Когда остаешься с диагнозом один на один — это страшно. Мама и папа у Ирины — пенсионеры. Они готовы помогать с ребенком — и помогают. Но одно дело — посидеть пару часов, а другое — быть с Полей ежедневно. Это очень тяжело, так как с Полиной каждый день нужно заниматься лечебной физкультурой, кормить ее строго по часам: у нее отсутствует чувство голода, и она не скажет, что проголодалась.

У мутации, которую выявили у Поли, нет названия, нет клинической картины развития и прогнозов. Известно одно: есть ряд признаков, указывающих на тяжелую инвалидность. На сегодня Полина Леонова — единственный в России известный ребенок с такой мутацией гена, и всю клинику заболевания будут вести, основываясь на ее истории жизни. Очевидно, что такое положение дел потребует дальнейшего обследования не только самого ребенка, но и его родителей. Ирина прошла исследование, которое показало, что она не является носителем мутации этого гена. А отец отказывается делать анализ. И есть вероятность, что все сестры Полины по отцу могут унаследовать мутацию. Полина, к слову, внешне как две капли воды похожа на папу. Но только внешне. Во всем другом — замечательная девочка, ласковая и улыбчивая.

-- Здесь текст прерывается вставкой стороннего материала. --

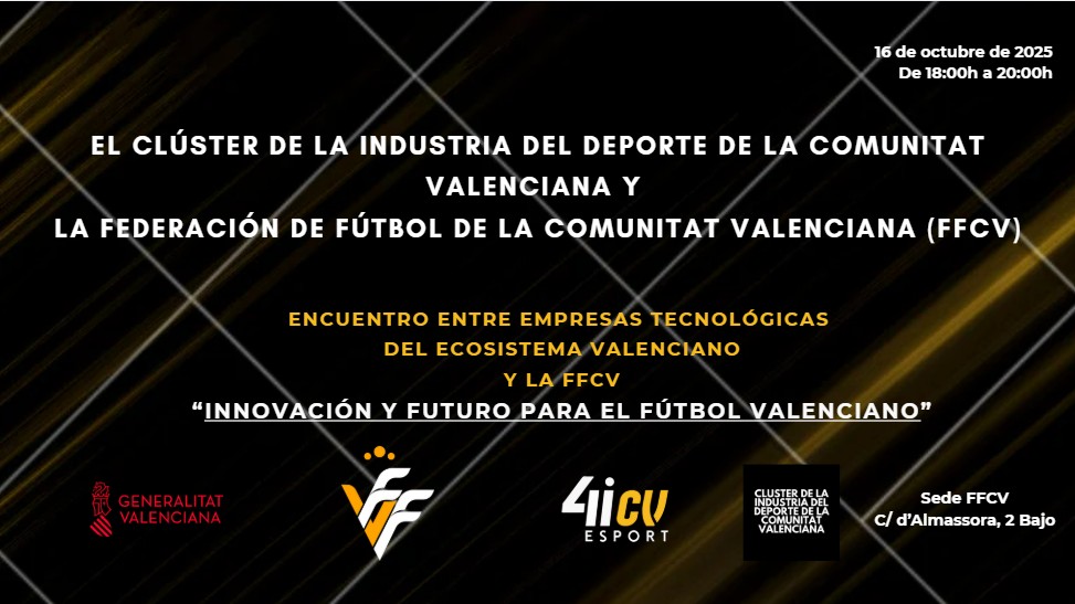 València, 16 de octubre de 2025 — La Federación de Fútbol de la Comunitat Valenciana (FFCV) y el Clúster de la Industria del Deporte de la Comunitat Valenciana (4ICVEsport) celebraron el encuentro Innovación y Futuro para el Fútbol Valenciano, una sesión orientada a conectar a empresas innovadoras del ecosistema valenciano con clubes, entrenadores, gestores y agentes del fútbol autonómico. El objetivo: acercar soluciones tecnológicas y servicios que impulsen la gestión, el rendimiento deportivo y el desarrollo social del fútbol base.
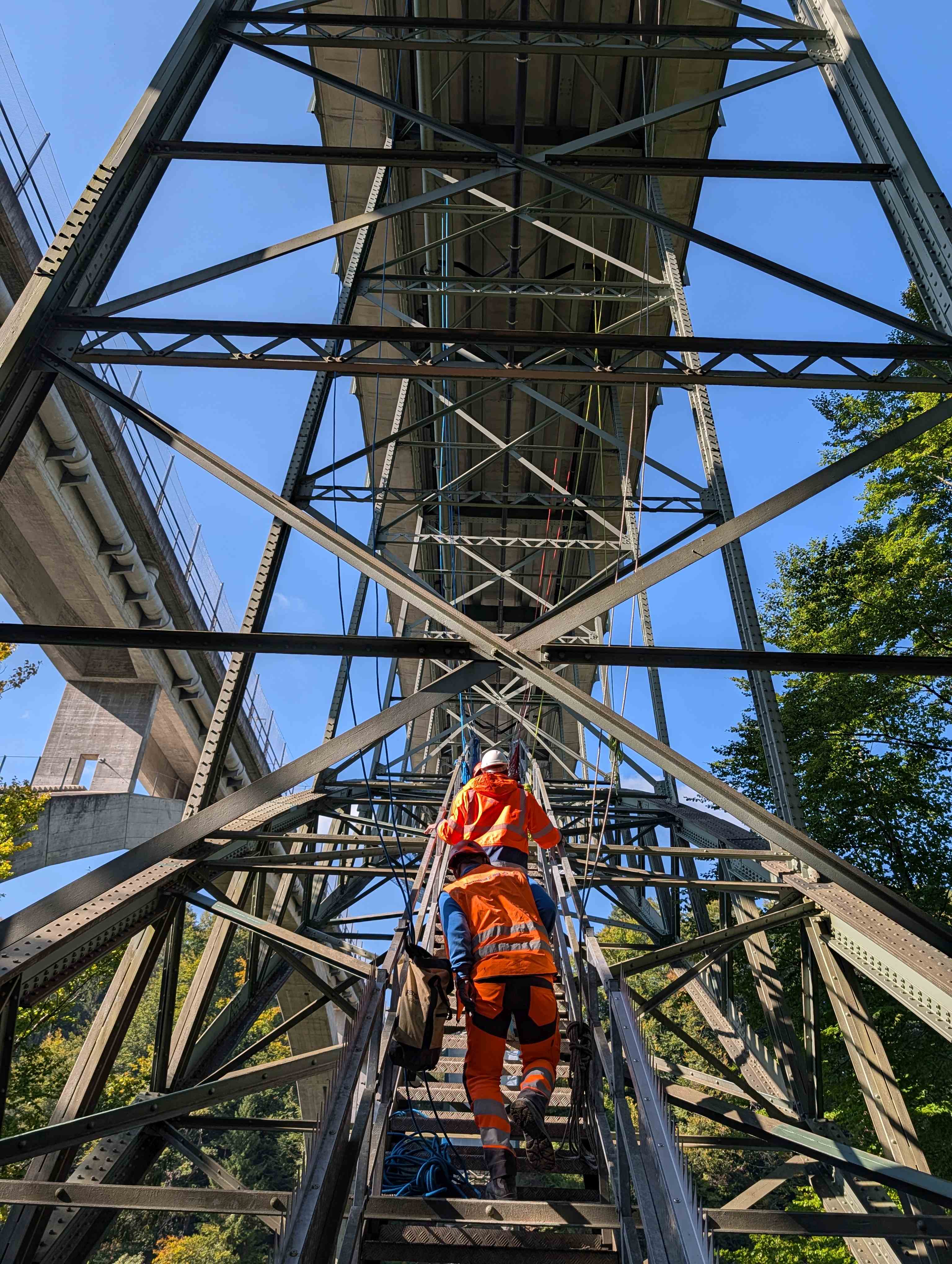 Unterhalb der Brückenenden wurde der Korrosionsschutz der Stahlkonstruktion und der Brückenlager vom eingehausten Gerüst aus vollständig saniert. Im Bereich des Brückenbogens wurden durch Industriekletterer am hängenden Seil lokale Korrosionsschutzsanierungen durchgeführt und die Dichtigkeit der Brückenentwässerungsleitungen wiederhergestellt. Das Natursteinmauerwerk der Widerlager und der Stützenfundamente wurde instandgesetzt.
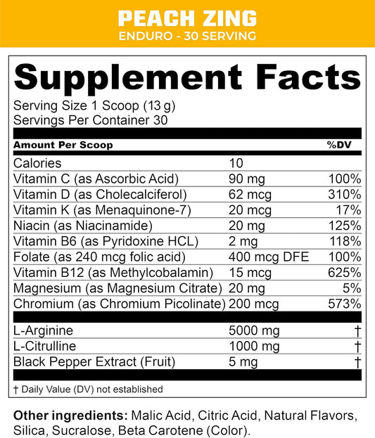 MTN OPS Enduro Nitric Oxide Supplement & Stim-Free Pre Workout - Peach Zing - 30 Servings - Magnesium Citrate, Beet Root Powder, Niacinamide
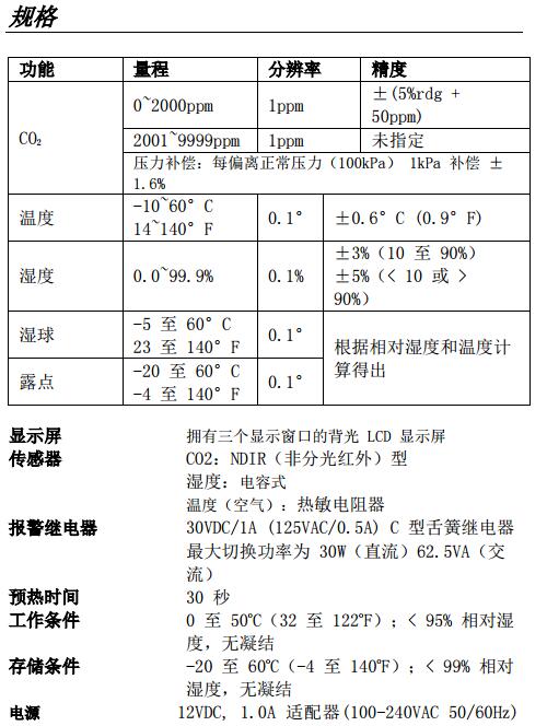 LCD 顯示屏可同時顯示 CO2 濃度、相對濕度和溫度(空氣溫度、露點(diǎn)溫度或濕球溫度)

«Стоять с протянутой рукой трудоспособному человеку — это разговор с гордостью»

С того момента, как Ирина получила на руки результаты МРТ, ее жизнь стала строиться по сценарию «от реабилитации к реабилитации». Полина пять раз лежала в НПЦ детской психоневрологии в Москве, прошла несколько курсов в одном из столичных физкультурно-оздоровительных центров. В июне находилась в профильном центре в Калуге. И для мамы, и для ребенка пребывание в лечебных учреждениях — это тяжелая работа. В Калуге в сеансы реабилитации для Поли ежедневно входили массаж, разработка суставов, ЛФК и ходьба в нагрузочном костюме «Адели». С нею занимался логопед. Нагрузочный костюм — это спецприспособление, состоящее из жилета, шорт, наколенников и обуви. Конструкция надевается на ребенка и помогает создать правильные стереотипы движений. После месяца в центре Полина смогла самостоятельно стоять восемь секунд. Для нее это серьезное достижение.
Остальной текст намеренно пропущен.